-- EXERCISE INSTRUCTIONS --
Make an exact copy of the listing, without images.

-- GIVEN MATERIAL --
※ ※ ※

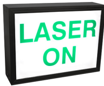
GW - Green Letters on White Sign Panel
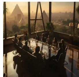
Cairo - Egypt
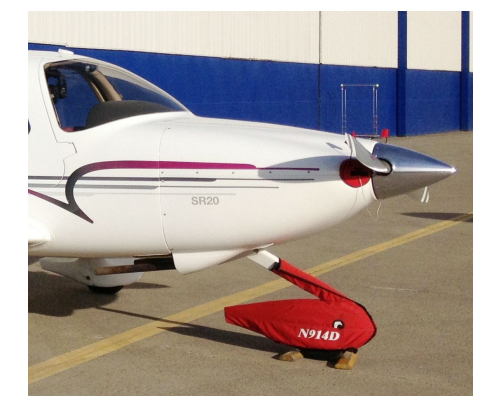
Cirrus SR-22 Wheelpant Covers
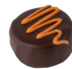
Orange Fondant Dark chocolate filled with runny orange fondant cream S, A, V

※ ※ ※

-- WRITTEN REPLY --
GW - Green Letters on White Sign Panel
Cairo - Egypt
Cirrus SR-22 Wheelpant Covers
Orange Fondant Dark chocolate filled with runny orange fondant cream S, A, V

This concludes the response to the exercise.